It seems to run infinitely because the default tolerance is absolute and small (1e-7). If you put in a tolerance more adapted to your range it terminates

julia> roots(f, IntervalBox(0..1000, 0..100), Newton, 10.0)
111-element Array{Root{IntervalBox{2,Float64}},1}:
 Root([792.702, 800.575] × [28.9393, 33.6693], :unknown)

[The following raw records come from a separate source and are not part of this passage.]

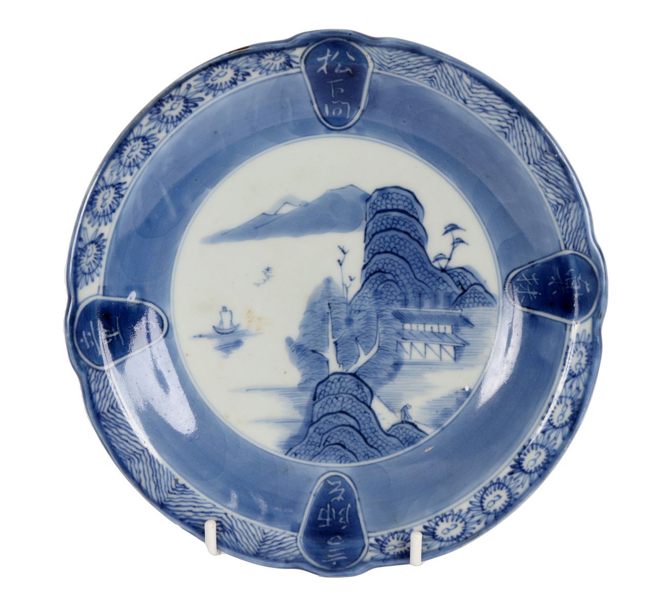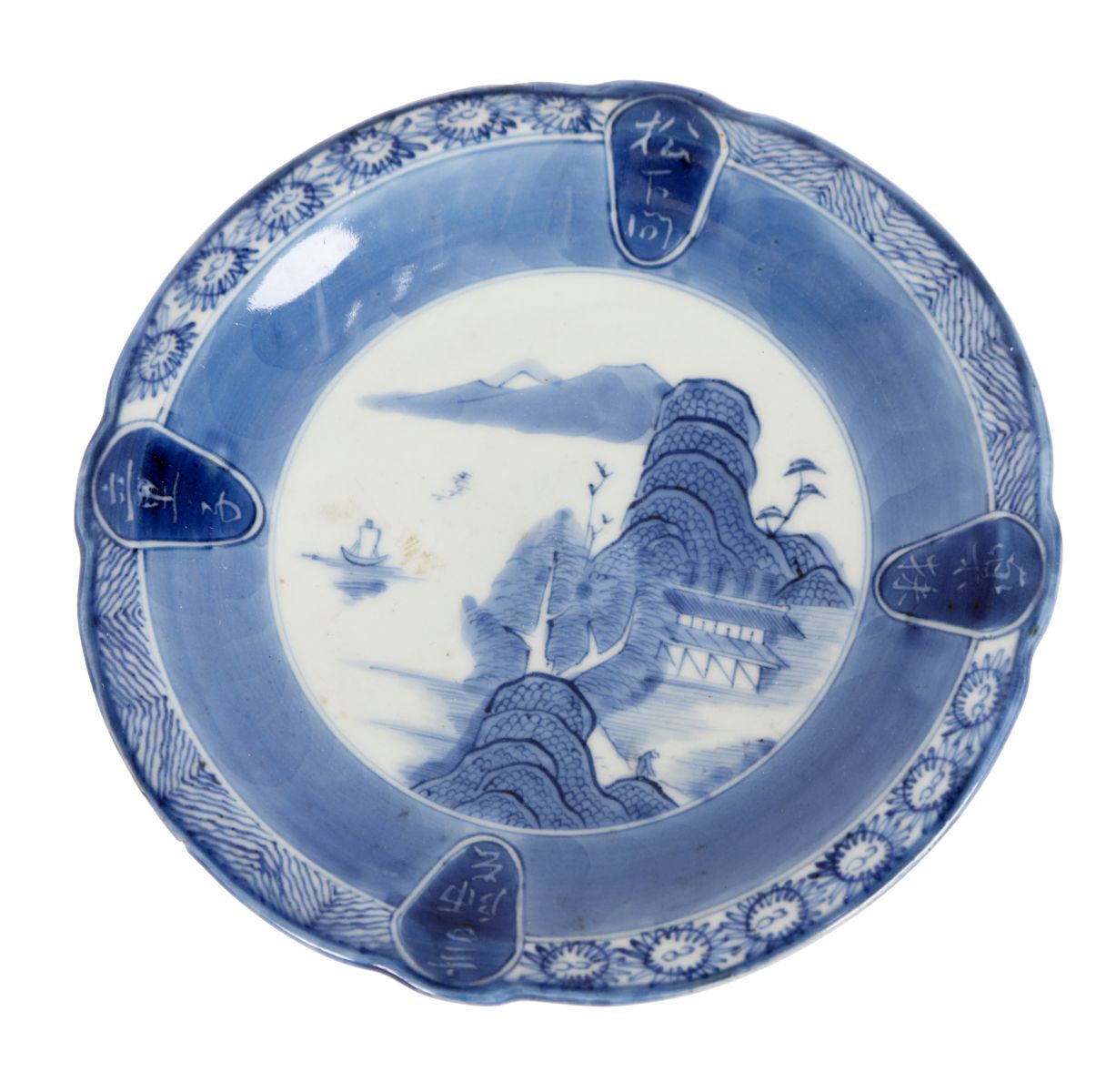 An Edo-period Japanese porcelain bowl of lobed circular form, finely decorated in underglaze blue. The interior painted with a tranquil river landscape depicting pavilions, rocky outcrops, trees and a boat on calm water, enclosed by a broad rim divided into alternating cartouches of Chinese-style calligraphy and floral panels, the border further enriched with stylised scroll and blossom motifs.
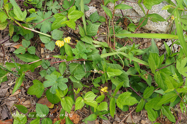 이 녀석이 새팥이다. 잎이 난형으로 넓으며 엽연(잎가장자리)에 얕게 결각이 져 있다.
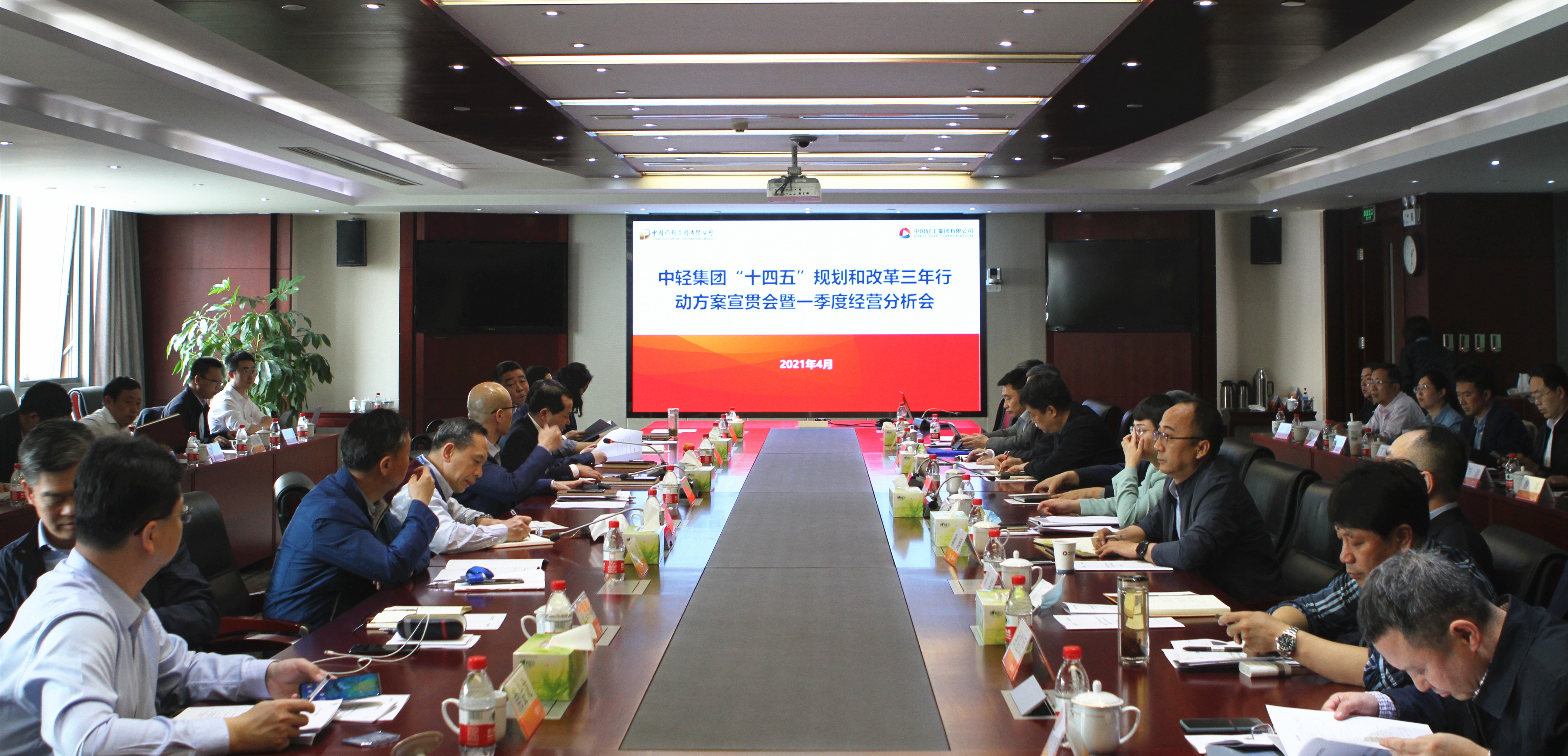 2021年4月25日,中輕集團在京組織召開“十四五”規(guī)劃和改革三年行動方案宣貫會暨一季度經(jīng)營分析會。中輕集團領導班子、總部各部室負責人、子公司主要領導和相關工作分管領導及相關部門負責人參加會議。
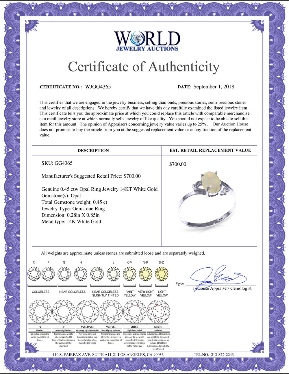 REF-21T9A - SKU: GG4365 ---- Genuine 0.45 ctw Opal Ring 14KT White Gold
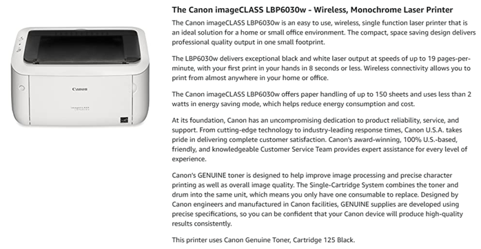 - FAST PRINT SPEEDS: Print up to 19 pages per minute.Print from almost anywhere in your office with wireless connectivityThe single cartridge system combines the toner and drum into one unit, making cartridge replacement simpleIn The Box : imageCLASS LBP6030w product, Starter Cartridge 125, Power Cord, USB Cable, User Manual, User Software CD-ROM, Warranty Card
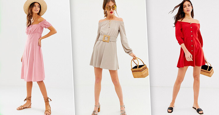 Акцент на шею: яркие и сексуальные платья с открытыми плечами на лето
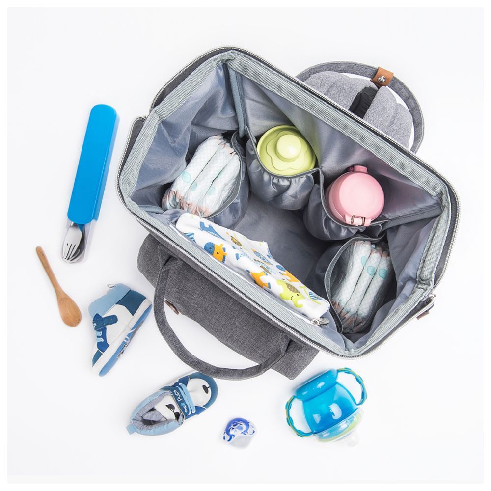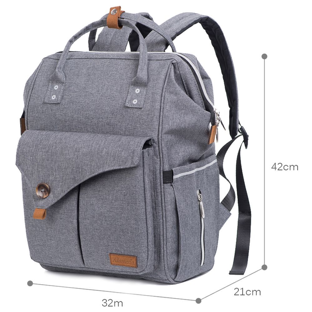 A stylish Unisex Diaper backpack is here from Alameda. We understand your need for a diaper bag and backpack which provides both functionality and style. The grey color is good for both Mums and Dads. All in all 10 pockets are what a perfect organizer backpack should have! Keep yourself hands free with detachable stroller hooks which comes free with the bag. A diaper changing mat is also included for easy nappy change. Perfect for Gifts to new moms, baby showers, kids birthday, Christmas and Halloween.
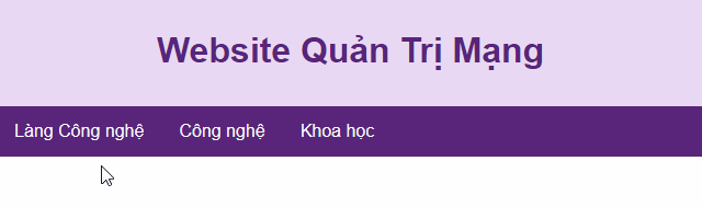 <!DOCTYPE html><html lang="en"><head><title>Thiết kế Layout - Bố cục website trong CSS</title><meta charset="utf-8"><meta name="viewport" content="width=device-width, initial-scale=1"><style>* {box-sizing: border-box;}body {margin: 0;font-family: arial}/* Định dạng header */.header {background-color: #e9d8f4;color: #58257b;padding: 10px;text-align: center;}/* Định dạng thanh điều hướng trên cùng */.topnav {overflow: hidden;background-color: #58257b;}/* Định dạng link điều hướng */.topnav a {float: left;display: block;color: #f2f2f2;text-align: center;padding: 14px 16px;text-decoration: none;}/* Thay đổi màu liên kết khi di chuột qua */.topnav a:hover {background-color: #db7093;color: white;font-weight: bold}</style></head><body><div class="header"><h1>Website Quản Trị Mạng</h1></div><div class="topnav"><a href="#">Làng Công nghệ</a><a href="#">Công nghệ</a><a href="#">Khoa học</a></div></body></html>
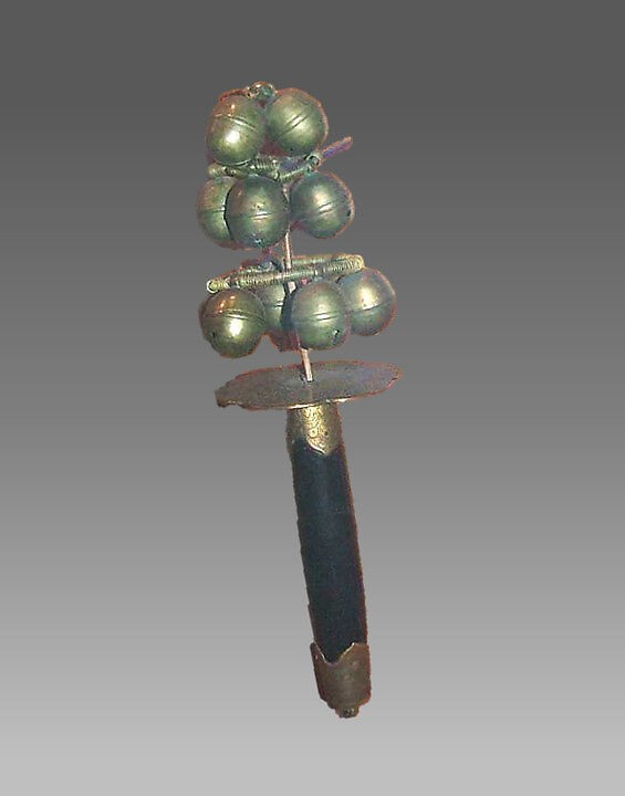 This bell tree is held by women dancers during the benedictory call, mikomai.
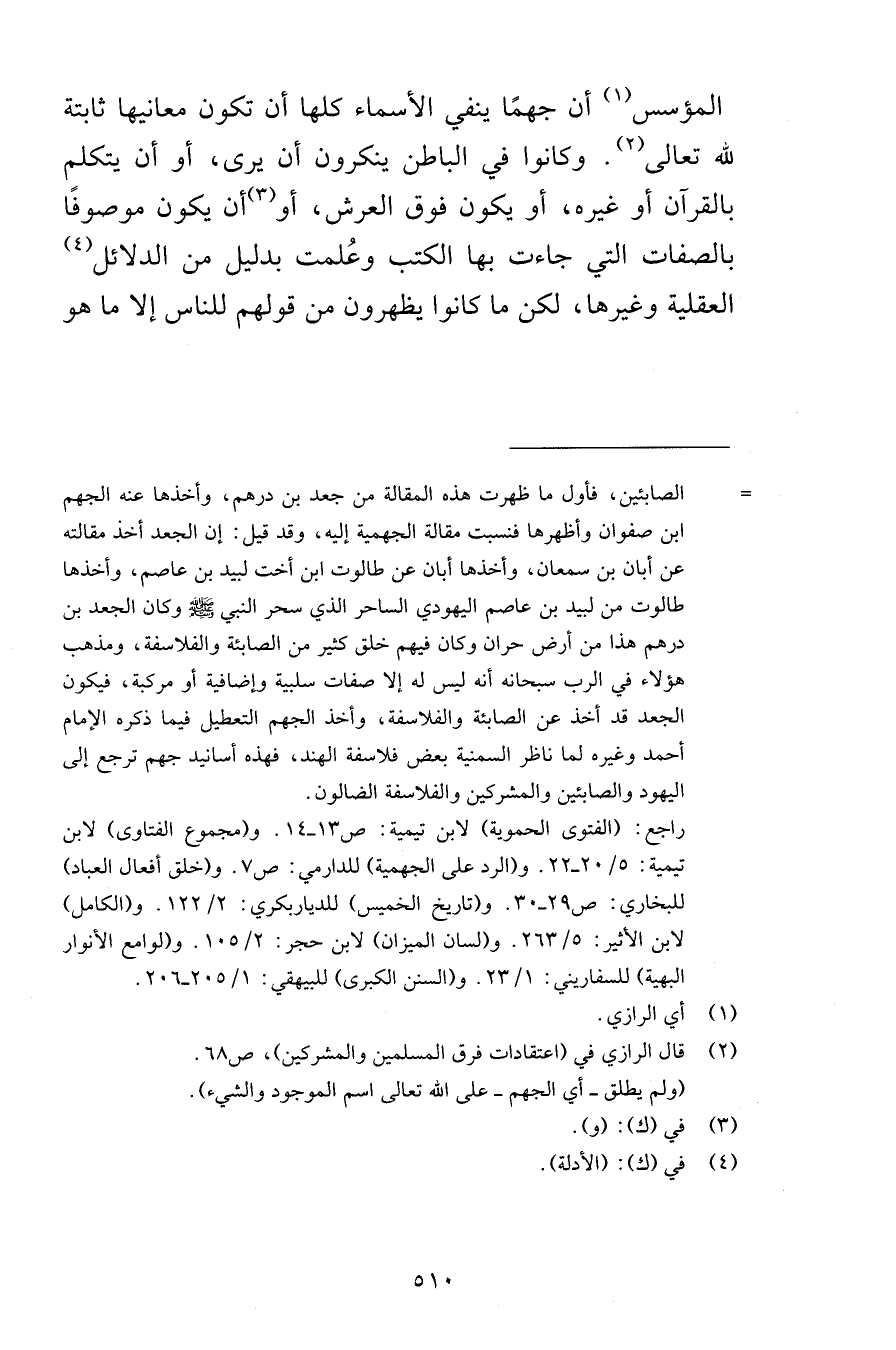 المؤسس أن جهمًا ينفي الأسماء كلها أن تكون معانيها ثابتة لله تعالى وكانوا في الباطن ينكرون أن يرى أو أن يتكلم بالقرآن أو غيره أو يكون فوق العرش أو أن يكون موصوفًا بالصفات التي جاءت بها الكتب وعُلمت بدليل من الدلائل العقلية وغيرها لكن ما كانوا يظهرون من قولهم للناس إلا ما هو
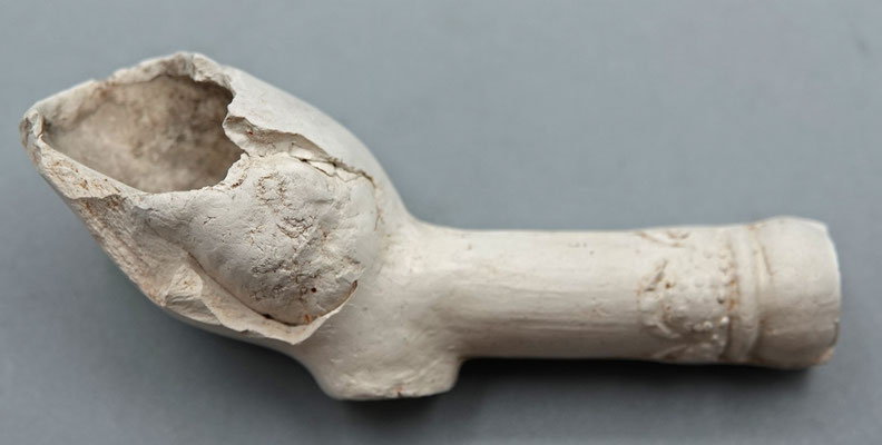 12/3; Gouds pijpje uit de vroege 18e eeuw met fraai getordeerde steel
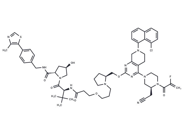– Cc1ncsc1-c1ccc(CNC(=O)[C@@H]2C[C@@H](O)CN2C(=O)[C@@H](NC(=O)CCOCCCN2CCC[C@H]2COc2nc3CN(CCc3c(n2)N2CCN([C@@H](CC#N)C2)C(=O)C(F)=C)c2cccc3cccc(Cl)c23)C(C)(C)C)cc1
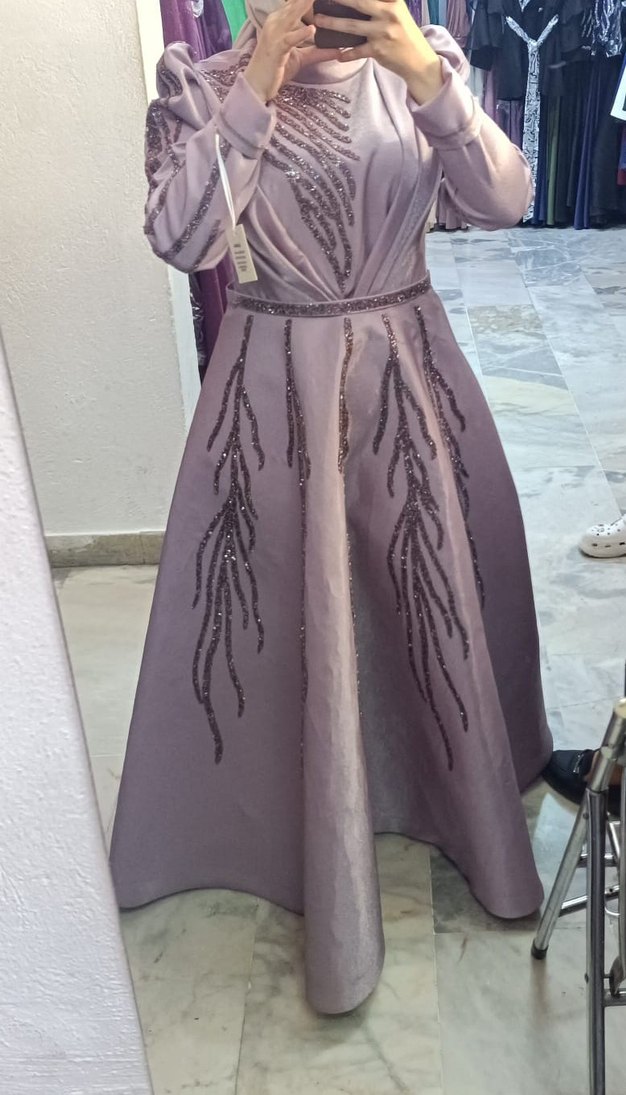 Mor İşlemeli Uzun Kollu Abiye Elbise

 Root([299.76, 307.633] × [28.9393, 33.6693], :unknown)
 Root([338.634, 346.385] × [28.9393, 33.6693], :unknown)
 Root([330.762, 338.635] × [28.9393, 33.6693], :unknown)
 Root([511.235, 518.866] × [28.9393, 33.6693], :unknown)
 Root([879.797, 887.67] × [28.9393, 33.6693], :unknown)
 Root([855.929, 863.926] × [28.9393, 33.6693], :unknown)
 Root([959.388, 967.511] × [28.9393, 33.6693], :unknown)
 Root([927.401, 935.524] × [28.9393, 33.6693], :unknown)
 Root([416.749, 424.622] × [28.9393, 33.6693], :unknown)
 Root([385.504, 393.255] × [28.9393, 33.6693], :unknown)
 Root([651.111, 658.862] × [28.9393, 33.6693], :unknown)
 
 Root([534.245, 541.996] × [28.9393, 33.6693], :unknown)
 Root([729.96, 737.957] × [28.9393, 33.6693], :unknown)
 Root([307.632, 315.263] × [28.9393, 33.6693], :unknown)
 Root([323.012, 330.763] × [28.9393, 33.6693], :unknown)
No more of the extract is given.